I shrugged. I moved up to the door, Lindsey following closely. I turned to her and stepped aside.
“Right,” I said, “Lesson learned from yesterday. This time you are going to open the door, and tear the thing up with your power when it charges you. I’ll stand by in case you need help.”
She nodded and got into position in front of the door. I stood ready, just to the side, a summoned golf club now rested in my hands. She opened the door, and it was just like the first time.
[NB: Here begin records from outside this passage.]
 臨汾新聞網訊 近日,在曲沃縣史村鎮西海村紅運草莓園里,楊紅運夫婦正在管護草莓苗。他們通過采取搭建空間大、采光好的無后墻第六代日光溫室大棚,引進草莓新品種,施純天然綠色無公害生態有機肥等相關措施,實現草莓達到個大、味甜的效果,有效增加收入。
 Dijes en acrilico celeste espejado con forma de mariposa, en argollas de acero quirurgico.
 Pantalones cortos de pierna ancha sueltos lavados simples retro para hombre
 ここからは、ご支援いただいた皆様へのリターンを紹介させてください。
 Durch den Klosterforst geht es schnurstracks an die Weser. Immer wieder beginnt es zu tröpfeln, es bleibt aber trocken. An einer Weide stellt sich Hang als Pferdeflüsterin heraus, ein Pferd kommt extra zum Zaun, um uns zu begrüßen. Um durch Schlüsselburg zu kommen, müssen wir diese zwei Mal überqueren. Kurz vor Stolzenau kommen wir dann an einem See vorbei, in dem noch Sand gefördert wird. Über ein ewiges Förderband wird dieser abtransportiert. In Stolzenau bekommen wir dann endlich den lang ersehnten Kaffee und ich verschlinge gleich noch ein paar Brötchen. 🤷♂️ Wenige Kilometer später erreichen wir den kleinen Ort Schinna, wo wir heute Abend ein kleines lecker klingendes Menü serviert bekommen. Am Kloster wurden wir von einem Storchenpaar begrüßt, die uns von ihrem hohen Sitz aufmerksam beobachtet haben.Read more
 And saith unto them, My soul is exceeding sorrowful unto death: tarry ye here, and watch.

[NICOBAR PIGEON EXECUTIVE]
The bird sitting on the desk looked functionally identical to the one I had seen the night before. Something inside me recoiled in disgust at the hideous and imperfect usurper in the office, but before I could dissect that thought the bird was already in motion. Lindsey wasted no time in extending her power forward, and cuts began to rapidly appear across its body. The first few cuts barely shaved off feathers, but by the time it had crossed the distance its head had been roughly removed from its body. The entire neck and upper torso were bloody ruins, my companion’s precision likely reduced greatly by the lack of time to focus. The result was pretty horrifying, but I was having trouble looking away. I was caught between a strange sort of sympathy and an alien smugness.
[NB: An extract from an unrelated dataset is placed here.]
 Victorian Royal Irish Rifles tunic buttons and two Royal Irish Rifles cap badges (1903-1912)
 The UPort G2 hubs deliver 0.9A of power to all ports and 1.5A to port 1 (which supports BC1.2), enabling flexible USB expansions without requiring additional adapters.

“I think having the boss pigeon in my inventory is affecting my mind,” I said.
I had been about to suggest that I could bring it out for her to kill as well, when I was met with a burst of fear followed by indignation.
[NEW OFFICE GROWTH POTENTIAL] it sent.
It was true, I had offered it an office in my inventory. I acted out of desperation at the time, but I didn’t want to immediately resort to betrayal and risk my powers somehow developing in that direction. There was still too much I didn’t know about how conceptual powers develop and I wasn’t entirely certain what my theme even was yet. That said, I really didn’t like the idea of things influencing my thoughts.
As soon as I had that thought, I felt the pigeon’s mind recede and cease to overlap mine, leaving behind a tinge of uncertainty and a lingering desire for the furniture in the executive office I was standing at the entrance to. Now that I had noticed it, I found that I could inspect the pigeon’s mind in its entirety while it was in my inventory, no different than how I could inspect the physical aspects of stored objects. Its mind was mostly composed of the three axioms it had thrown at me when I first tried to store it, with scattered bits and pieces of personality and a few other things that I struggled to understand. I didn’t see anything that was obviously objectionable after a few minutes of sifting, just a desire to survive and to have a nice office. Maybe a few minion pigeons to lord over. I also now knew how to isolate its influence, so I didn’t see the harm in leaving it be for the moment. Maybe this was an avenue for expanding what my power could do?
I pulled my focus back out of my inventory, and found things to be just how I left them. Apparently, time in my inventory happened at a much faster rate than in the outside world.
“What?” Lindsey asked. It took me a moment to remember what I had said.
“Nevermind,” I said, “it’s probably fine.”